EXHIBITION: Architecture in Process
OPENING: 24. 11. 2022 at 6:30 PM

DURATION: until 12. 3. 2023
LOCATION: Museum of Modern Art – Salon, Cabinet
CURATORS: Klára Jeništová, Martina Mertová
GRAPHIC: Vladimír Vaca
PHOTOGRAPHY: Zdeněk Sodoma, Malý Chmel studio, Eva Kvaššayová
RESTAURANT: Veronika Klimszová, Anežka Jadlovská
EXHIBITION INSTALLATION: Daniel Opletal, Vlastimil Sedláček, Filip Šindelář
GUIDING PROGRAMS: David Hrbek, Denisa Tessenyi
AUDIOVISION: Tomáš Jurníček

Photographs and Descriptions download HERE

The exhibition “Architecture in Process” is a probe into the work and complex thinking of an architect. It explores what is behind the final form of buildings, what steps lead to them and how architects embody their three-dimensional ideas. In a thematic selection until 12 March 2023, the Olomouc Museum of Art presents the best of its collection of architecture, which has grown to an impressive twenty-two thousand items since the late 1970s.

“It was the process of forming a collection full of sketches, drawings and models that inspired us to find the curatorial key to the exhibition, in which architecture itself is viewed in the process of its creation. Visitors will be introduced to all the steps in the search for the ideal solution to architectural tasks and to the maturation of architectural creation in general. They will trace with us the initial impulses of school drills, the consolidation of their own manuscript, personal commitment or practice made difficult by the conditions of the time,” explains curator Klára Jeništová.
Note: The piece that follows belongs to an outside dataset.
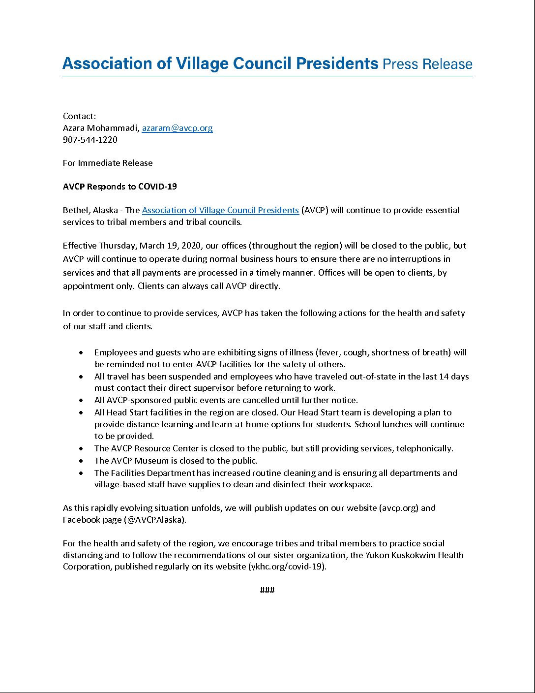Press Release: AVCP Encourages Everyone to “Stay Home” through Video PSA

The exhibition includes drawings, models and projections of realised projects and unrealised visions, both by renowned and completely forgotten architects. The selection of exhibits from the MUO collections crosses the timeline from the 19th century to the present day. “Visitors will encounter the works of famous names such as Jan Kotěra, Lubomír and Čestmír Šlapet, Alena Šrámková, the Machonins, Václav Aulický, as well as works by younger artists, for example from the Malý Chmel architectural studio. However, the exhibition also includes a fresh diploma thesis from the Prague School of Applied Arts,” says Martina Mertová, co-author of the exhibition.

The quality of the exhibits is not always the main criterion – sometimes they serve more as an illustration of the phenomenon under study. “As an example, I can cite the various stages of the search and sketching of buildings or, for example, the change of the project under the pressure of aesthetic norms with the advent of socialist realism. At the same time, some of the exhibits touch on the museum as a collecting and educational institution – they are meant to raise questions about what else is or is not worth preserving. And also how to influence the public to see other contexts and beauty where they would not look for it, and to free themselves from simplistic categories of evaluation: like – dislike,” adds Klára Jeništová. 


Part of the exhibition will be devoted to purely contemporary work. “In order to bring people closer to todays practice, the exhibition will feature a real architectural office. We hope that the audience will also be interested in the changing approaches in the work process of architects,” says Martina Mertová. “On the basis of an open call, we selected the architectural studio Amulet with architects Petr Bureš, Alžbětová Žabová and Jan Skoček. They will be working on their own projects and on the architectural design of the museums sculpture exhibition, which will take place in 2023. People will therefore be able to communicate with the architects and follow their work in the process of creation,” says Martina Mertová. 

The exhibition is accompanied by a seventy-page catalogue in which most of the works on display are reprinted. In addition to chapters structured in accordance with the exhibitions libretto, it introduces visitors to the history and concept of Olomoucs architecture collection, which is one of the largest collections in the care of Czech museums, alongside the National Gallery, the National Technical Museum and the Brno City Museum. “The long-term effort of the Olomouc Museum of Art is to educate in the field of urban planning, architecture and conservation. We believe that this exhibition also has the potential to appeal to the general public, including child visitors, for whom our lecturers are preparing an interesting accompanying programme,” concludes Klára Jeništová.